Task objective: Transcribe exactly the lines below that begin at the line with "在供应端,XShoppy却建" and stop after the line with "Satgas Pamtas RI-PNG", leaving out every picture.

(Exercise data Opens)

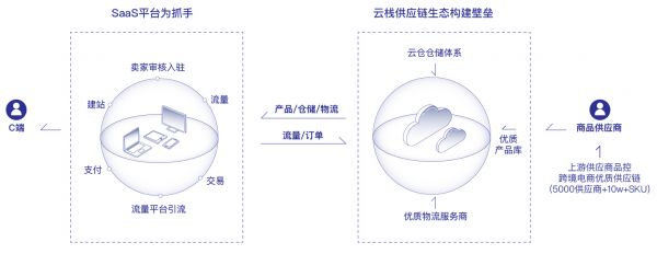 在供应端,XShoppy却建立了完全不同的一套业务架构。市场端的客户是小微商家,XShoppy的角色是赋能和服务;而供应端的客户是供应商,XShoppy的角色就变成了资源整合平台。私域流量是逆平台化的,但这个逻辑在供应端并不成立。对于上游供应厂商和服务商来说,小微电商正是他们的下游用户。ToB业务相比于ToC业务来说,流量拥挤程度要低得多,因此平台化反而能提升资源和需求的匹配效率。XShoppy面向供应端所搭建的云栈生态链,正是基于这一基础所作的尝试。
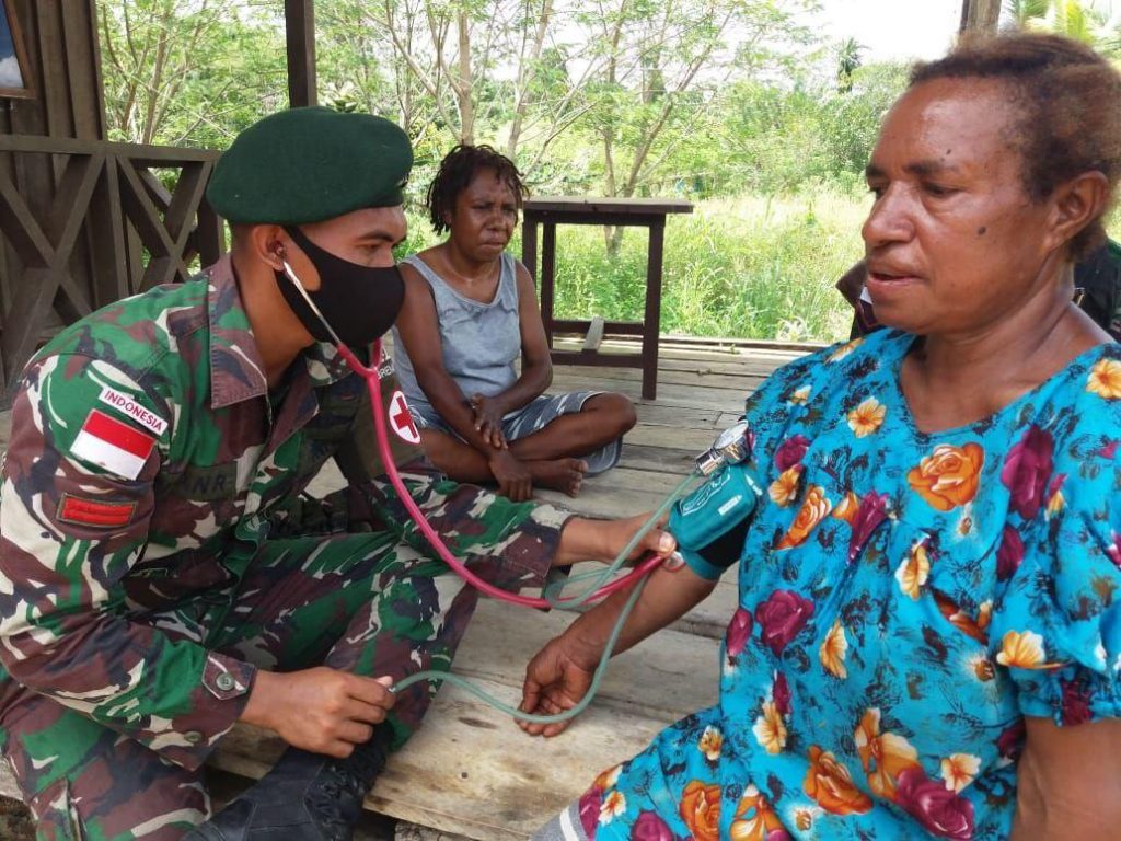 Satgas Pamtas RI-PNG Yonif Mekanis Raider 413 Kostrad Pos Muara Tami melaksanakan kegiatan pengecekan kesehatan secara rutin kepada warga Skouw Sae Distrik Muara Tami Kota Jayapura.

(Exercise data Closes)
(Exercise data Opens)

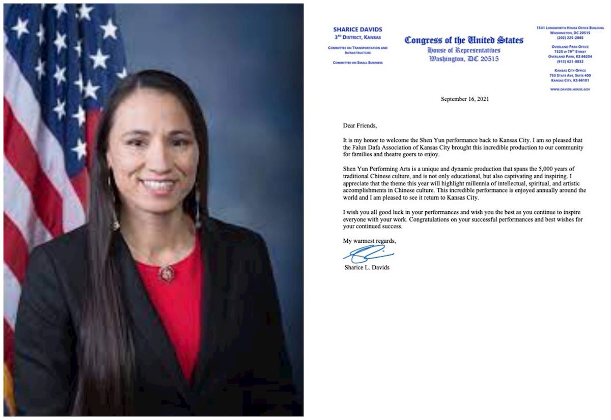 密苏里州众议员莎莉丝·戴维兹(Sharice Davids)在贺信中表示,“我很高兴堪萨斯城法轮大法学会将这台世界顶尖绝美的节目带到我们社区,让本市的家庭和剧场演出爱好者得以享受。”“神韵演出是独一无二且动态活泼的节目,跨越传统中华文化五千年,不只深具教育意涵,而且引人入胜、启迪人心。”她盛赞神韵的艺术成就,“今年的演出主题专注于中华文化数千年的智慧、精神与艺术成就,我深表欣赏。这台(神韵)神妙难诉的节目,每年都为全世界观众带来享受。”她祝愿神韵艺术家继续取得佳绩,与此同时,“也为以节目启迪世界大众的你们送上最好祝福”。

(Exercise data Closes)
(Exercise data Opens)

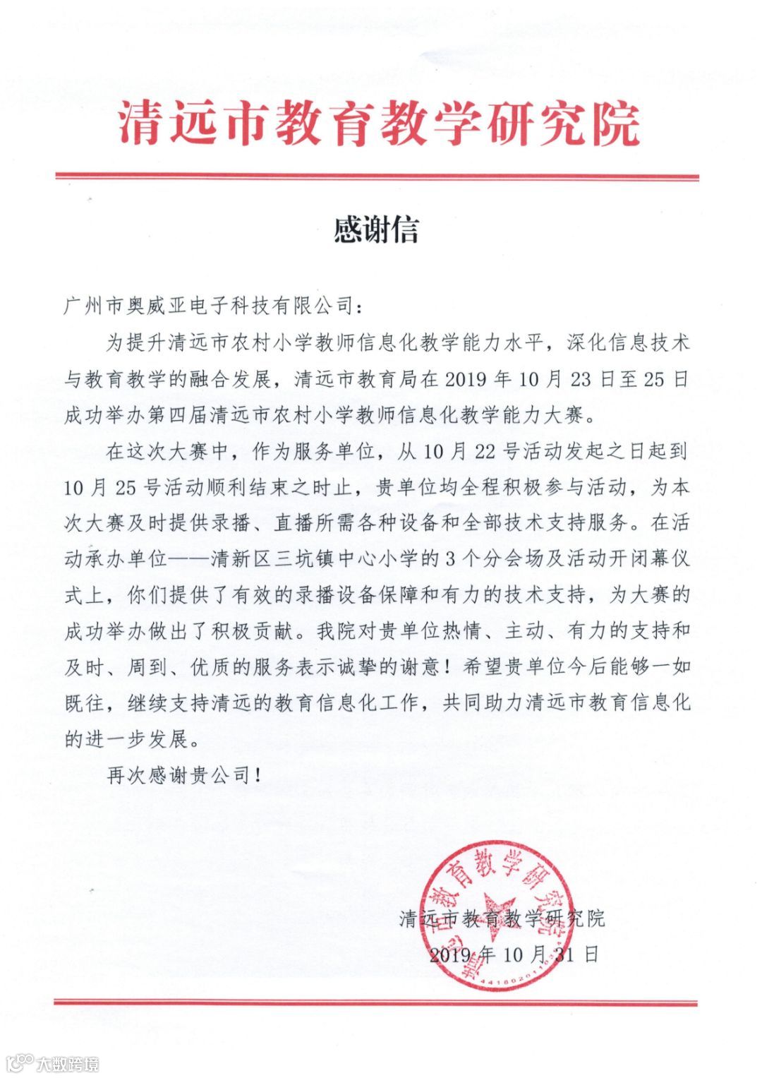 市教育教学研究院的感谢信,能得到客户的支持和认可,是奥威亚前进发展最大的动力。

(Exercise data Closes)

Output for this task:
 在供应端,XShoppy却建立了完全不同的一套业务架构。市场端的客户是小微商家,XShoppy的角色是赋能和服务;而供应端的客户是供应商,XShoppy的角色就变成了资源整合平台。私域流量是逆平台化的,但这个逻辑在供应端并不成立。对于上游供应厂商和服务商来说,小微电商正是他们的下游用户。ToB业务相比于ToC业务来说,流量拥挤程度要低得多,因此平台化反而能提升资源和需求的匹配效率。XShoppy面向供应端所搭建的云栈生态链,正是基于这一基础所作的尝试。
 Satgas Pamtas RI-PNG Yonif Mekanis Raider 413 Kostrad Pos Muara Tami melaksanakan kegiatan pengecekan kesehatan secara rutin kepada warga Skouw Sae Distrik Muara Tami Kota Jayapura.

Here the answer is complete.